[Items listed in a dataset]
:::::

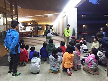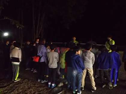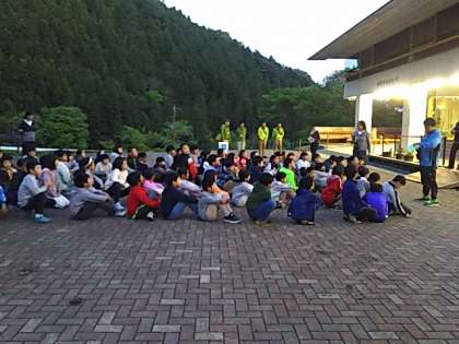 宿舎の方々の案内で、宿舎周辺を散策しながら、夜の川場体験をしました。ややひんやりとした空気の中、学級ごと3コースで、川場の生き物の生態や、五感を使って様々な情報を得て自然界を生き抜く方法などを学びました。
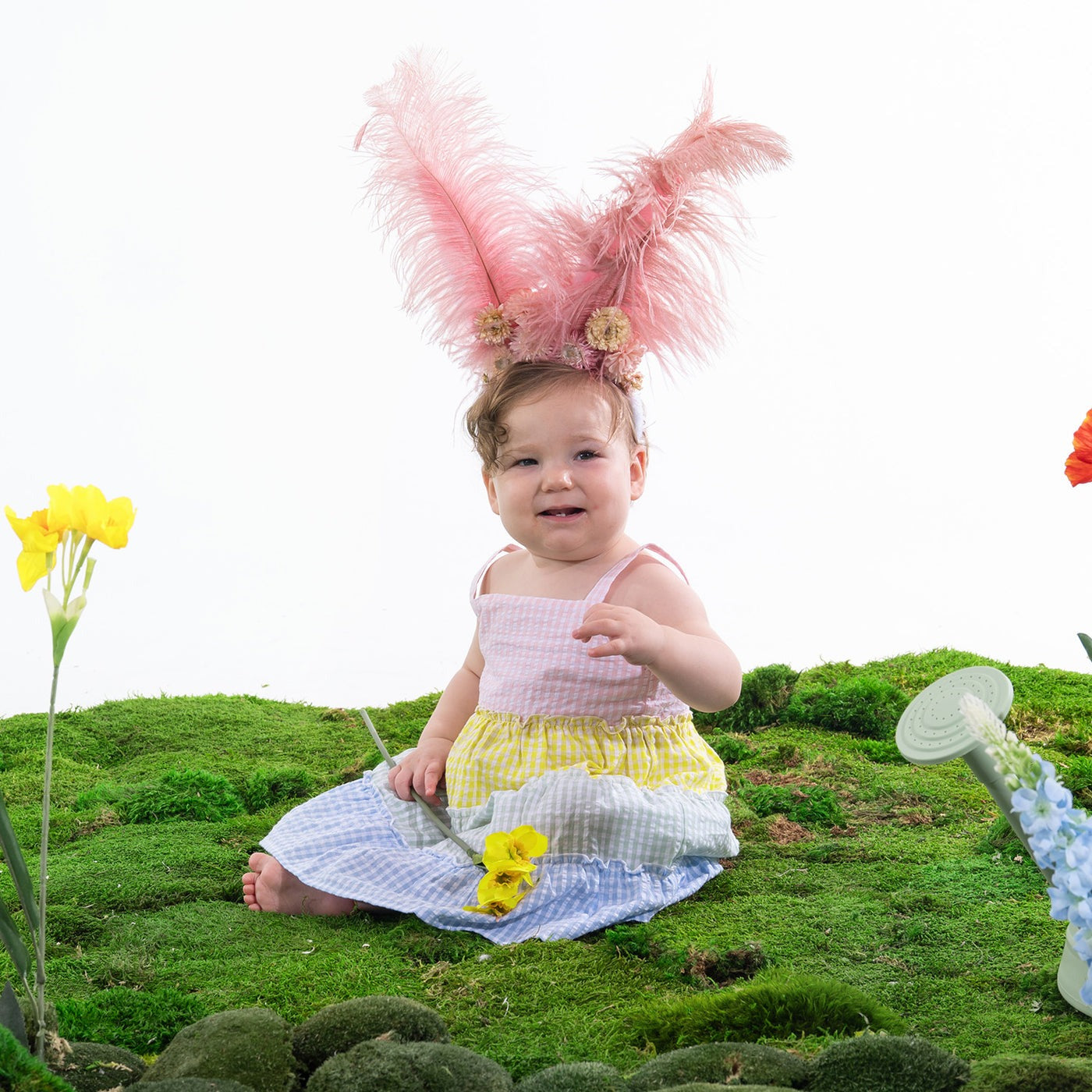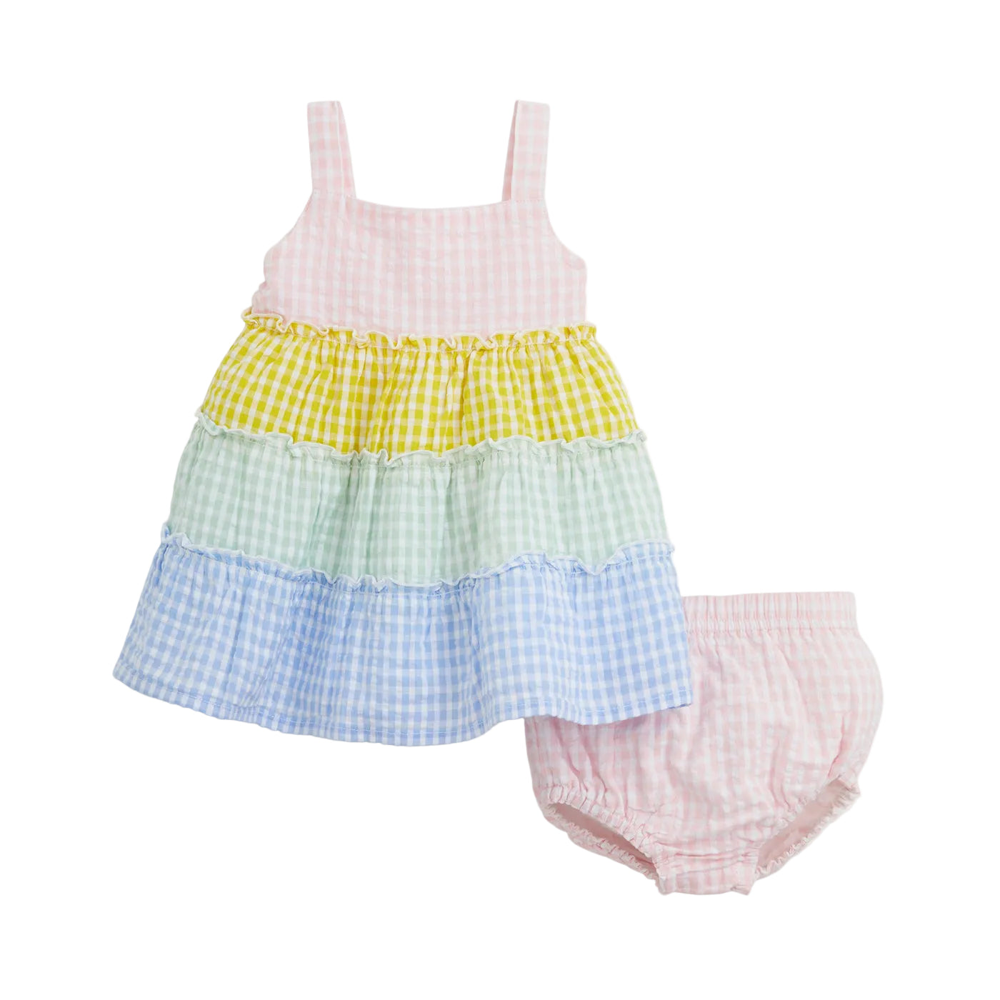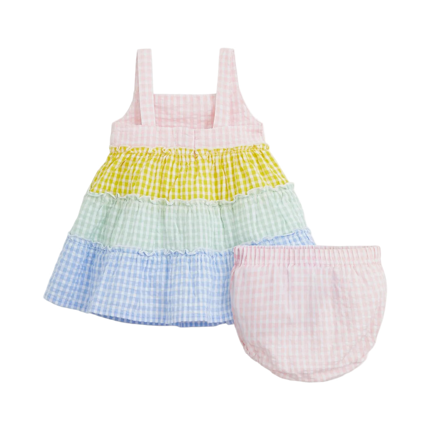 Our A-line Dress & Diaper Cover set makes dressing easy and fun, with a swishy tiered skirt and magnetic closures at the back. This set comes in lightweight cotton woven with a puckered texture—a fabric that’s washable for every day yet special for family parties and vacations.
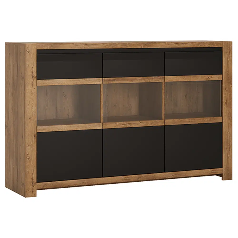 Vitrină, stejar lefkas închis / negru mat, LUCITA HAVV03Vitrină, stejar lefkas închis / negru mat, LUCITA HAVV03
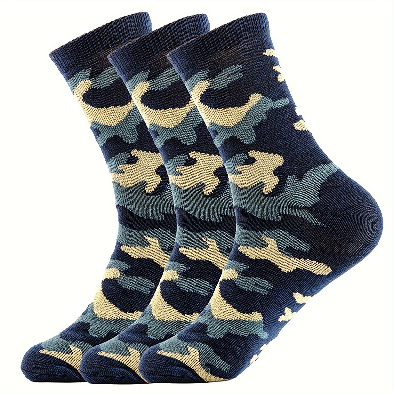 3Pcs Men’S Camo Sports Crew Socks – Durable Polyester Blend With Spandex, Geometric Pattern, Ribbed Cuff – Ideal For All Seasons
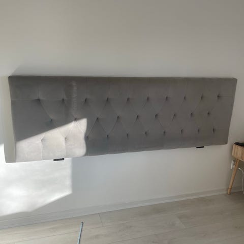 Ellos sengegavl i blå stof med knapdetaljer. Passer til dobbeltseng 180cm og kan bruges som støtte ved hovedenden af sengen.
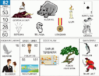 | 82 = 53 - 10 - 28 - 60 Gembala Sapi - Kuda Nil - Lilin - Kartu As - Telinga - Berlian - - Lencana - Udawa <=> Angka Pelarian = 15 <=> Gaya Baru = 47 <=> Kode Alam = Dapur Terbakar |
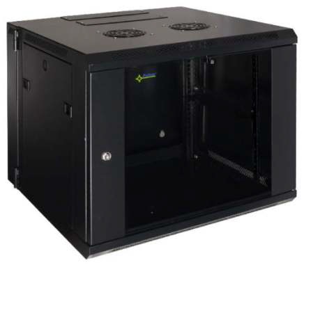 PRODEJ UKONČEN! Úložnou výšku : 9U Standard : 19" Způsob použití : nástěnný Barva : černá - RAL 9004 Nosnost : 60kg Rozměry : 501x600x600mm Dveře : přední = prosklené se zámkem - 5mm tvrzené sklo (2 klíče v balení) Balení : nesmontováno
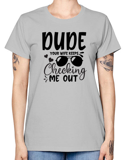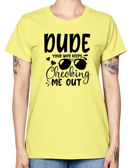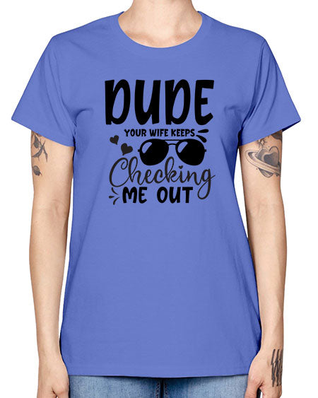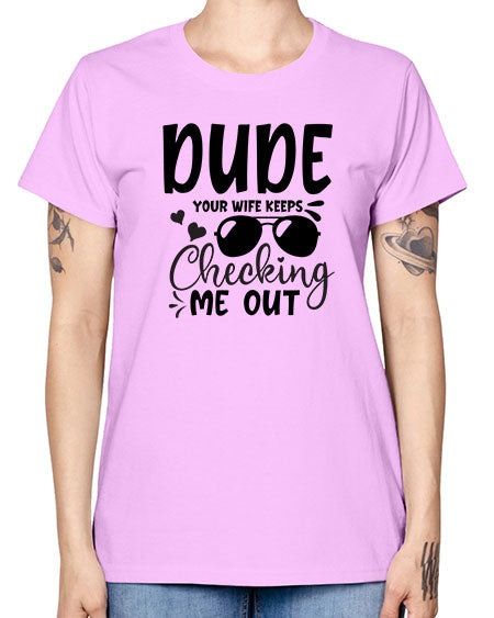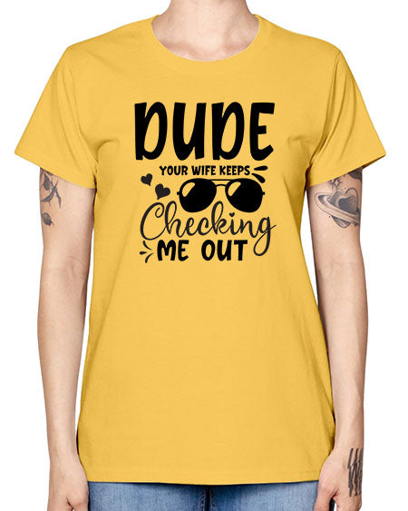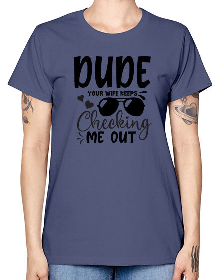 dude your wife keeps cheeking me out Style 72# - baby - Missy T-Shirt
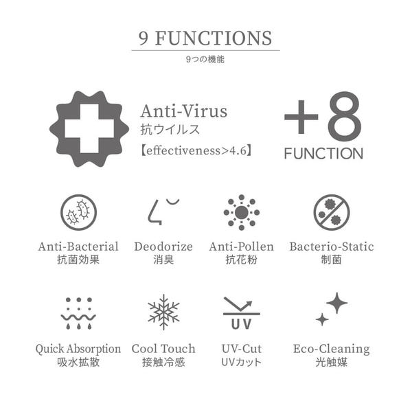 「抗ウイルス」「抗菌防臭」「消臭」「抗花粉」「制菌」「吸水拡散」「接触冷感」「UVカット(遮熱)」「光触媒(エコクリーニング)」の9つの機能が付与された、一般的な布地マスクとは一線を画した清潔仕様の洗えるマスクです。
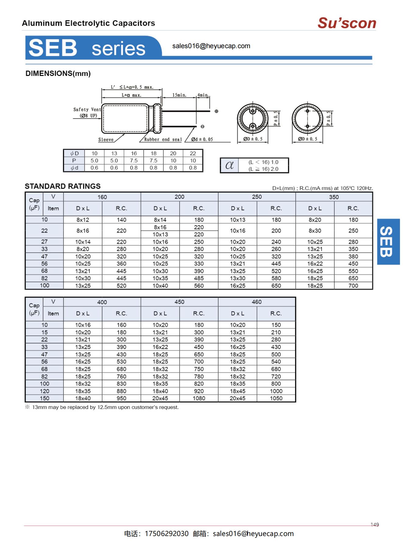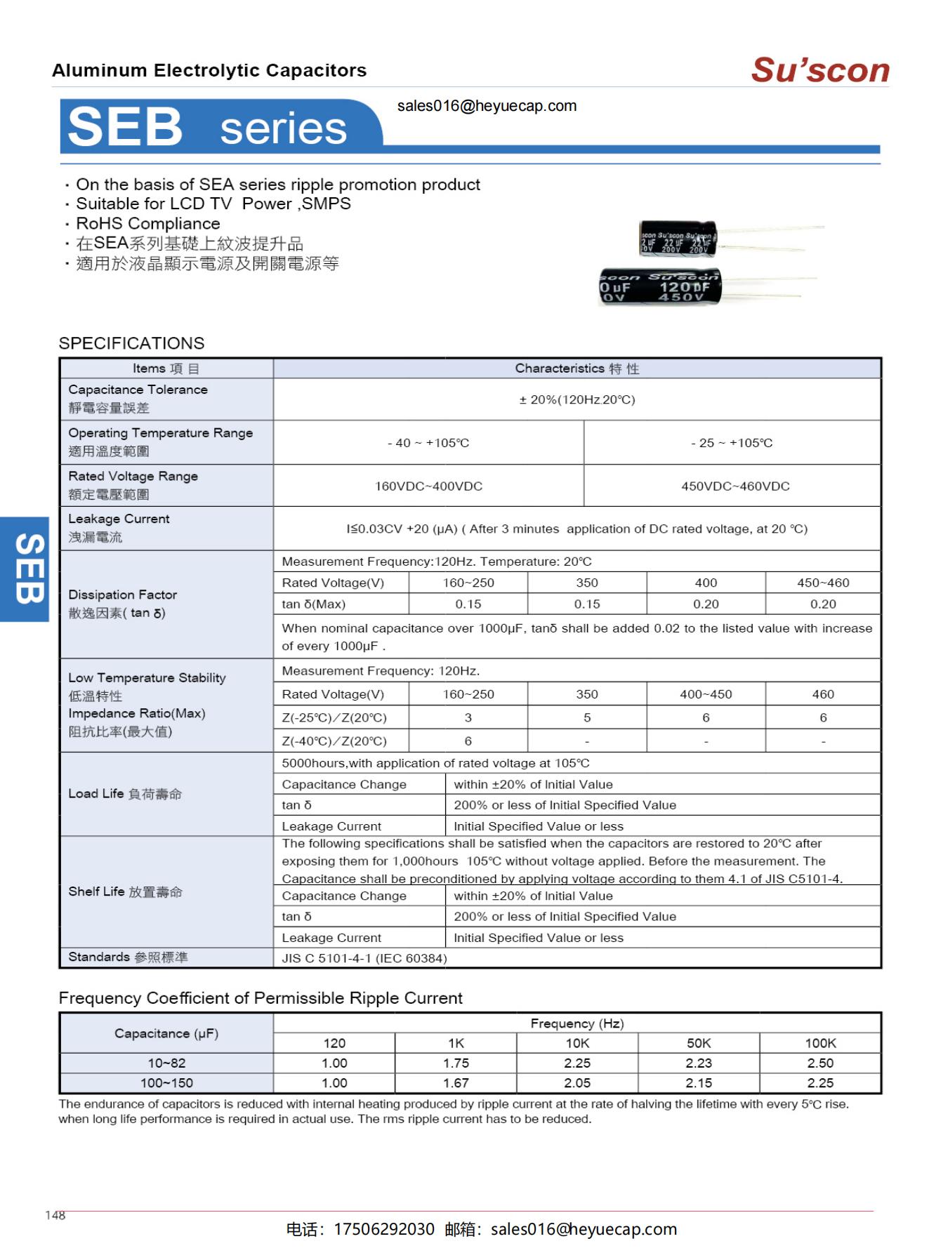 .On the basis of SEA series ripple promotion productSuitable for LCD TV Power,SMPS.RoHS Compliance·在SEA系列基礎上紋波提升品·適用於液晶顯示電源及開關電源等
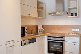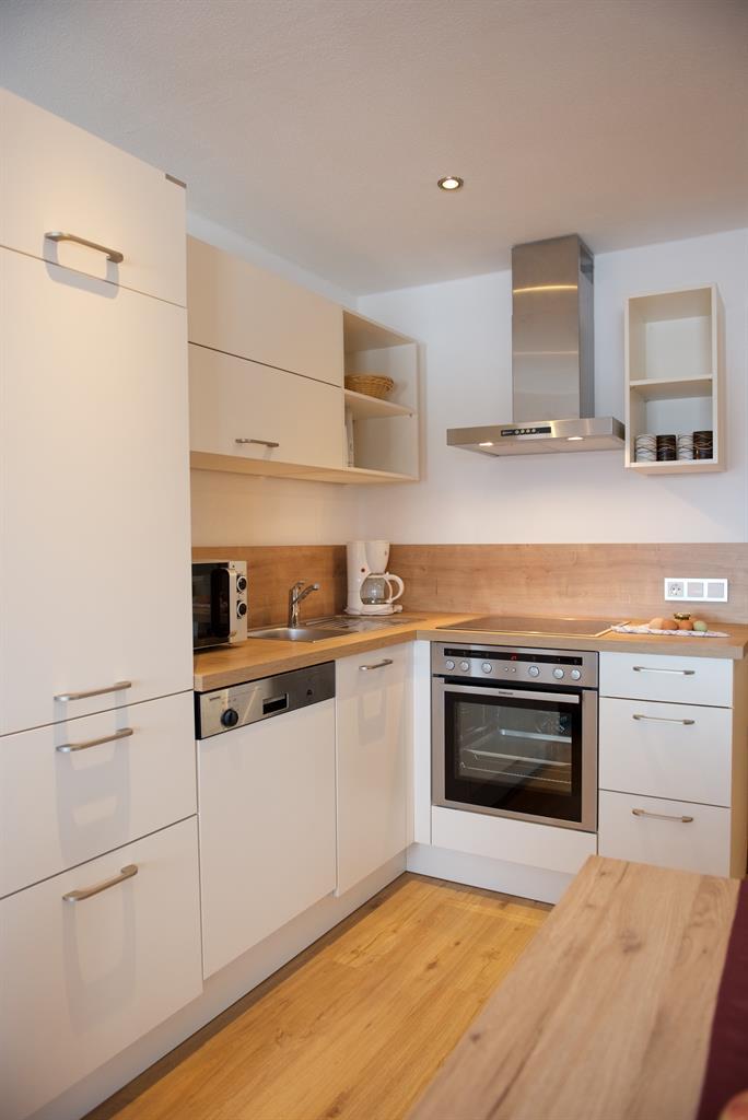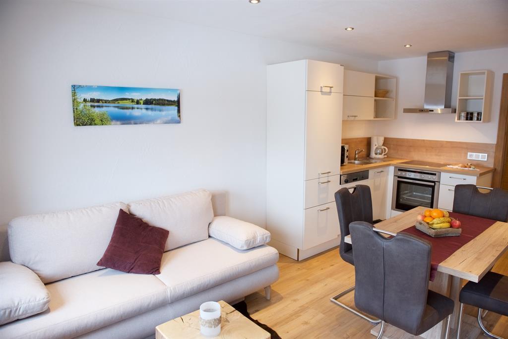 Die geräumige Wohnküche verfügt über eine voll ausgestattete Küche mit einem Essbereich sowie einem gemütlichem Sofa mit FlatTV.
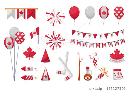 Canada Day-themed balloons and gifts on a bright red background, featuring iconic symbols like the Canadian flag and maple leaf

:::::

▸ WHAT YOU WILL DO: The line containing "3Pcs Men’S Camo" marks where the copy ends; print every line before it from the start of the records, and that line too, but no pictures.

▸ EXERCISE OUTPUT:
 宿舎の方々の案内で、宿舎周辺を散策しながら、夜の川場体験をしました。ややひんやりとした空気の中、学級ごと3コースで、川場の生き物の生態や、五感を使って様々な情報を得て自然界を生き抜く方法などを学びました。
 Our A-line Dress & Diaper Cover set makes dressing easy and fun, with a swishy tiered skirt and magnetic closures at the back. This set comes in lightweight cotton woven with a puckered texture—a fabric that’s washable for every day yet special for family parties and vacations.
 Vitrină, stejar lefkas închis / negru mat, LUCITA HAVV03Vitrină, stejar lefkas închis / negru mat, LUCITA HAVV03
 3Pcs Men’S Camo Sports Crew Socks – Durable Polyester Blend With Spandex, Geometric Pattern, Ribbed Cuff – Ideal For All Seasons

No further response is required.